THE PROBLEM: Go through the listing below and repeat it exactly, dropping the pictures.

INFORMATION PROVIDED:
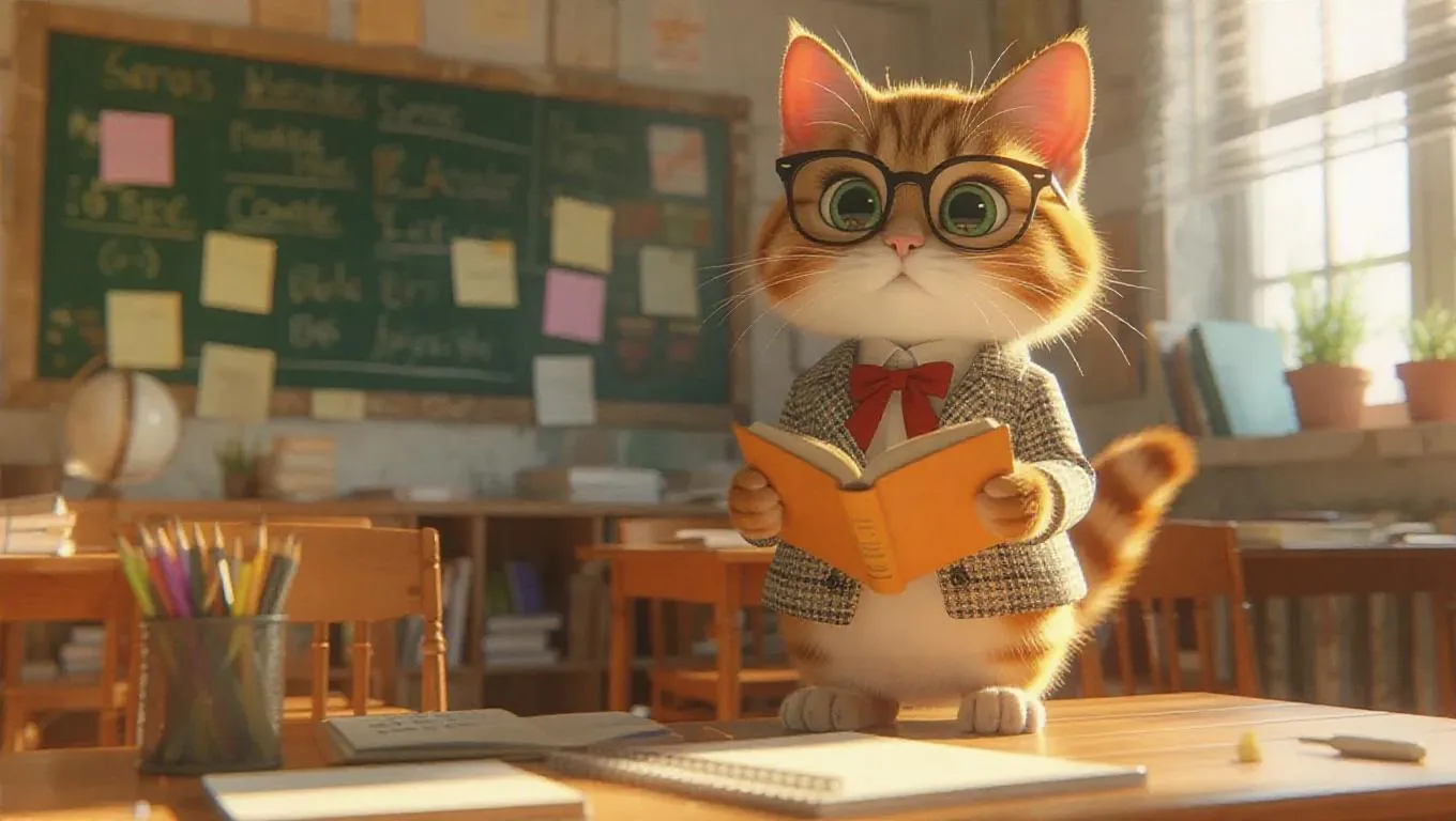 A 3D cat in a teacher's outfit and glasses, standing upright on two legs, holding a book, surrounded by a digital whiteboard and desks, exuding a knowledgeable and modern atmosphere, with a warm, inviting classroom setting and soft, ambient lighting.
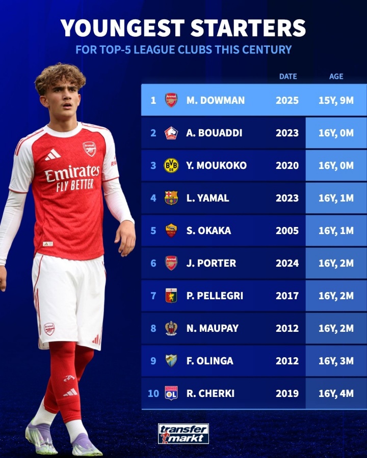 10月30日讯 根据英国转会市场的最新数据,昨晚,马库斯·道曼在英格兰联赛杯中代表阿森纳首发出场,年仅15岁零9个月,创造了本世纪欧洲五大联赛俱乐部最年轻首发球员的记录。这一伟大的成就让道曼成为足球界的焦点,令人对他的未来发展更加期待。
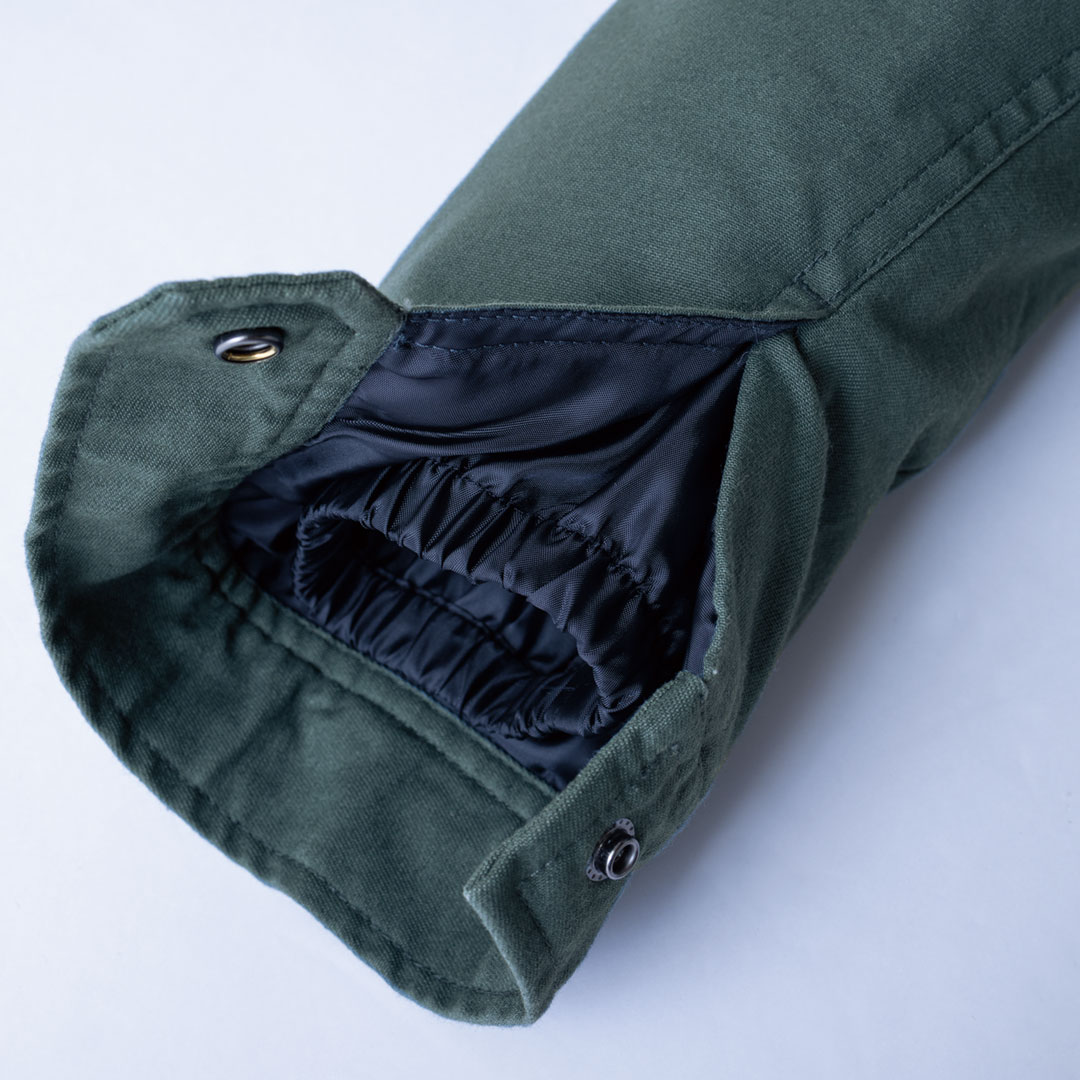 表綿100%生地に中綿入りで裏地にブラックプリントを施した綿防寒が登場!!

SOLUTION TO THIS EXERCISE:
 A 3D cat in a teacher's outfit and glasses, standing upright on two legs, holding a book, surrounded by a digital whiteboard and desks, exuding a knowledgeable and modern atmosphere, with a warm, inviting classroom setting and soft, ambient lighting.
 10月30日讯 根据英国转会市场的最新数据,昨晚,马库斯·道曼在英格兰联赛杯中代表阿森纳首发出场,年仅15岁零9个月,创造了本世纪欧洲五大联赛俱乐部最年轻首发球员的记录。这一伟大的成就让道曼成为足球界的焦点,令人对他的未来发展更加期待。
 表綿100%生地に中綿入りで裏地にブラックプリントを施した綿防寒が登場!!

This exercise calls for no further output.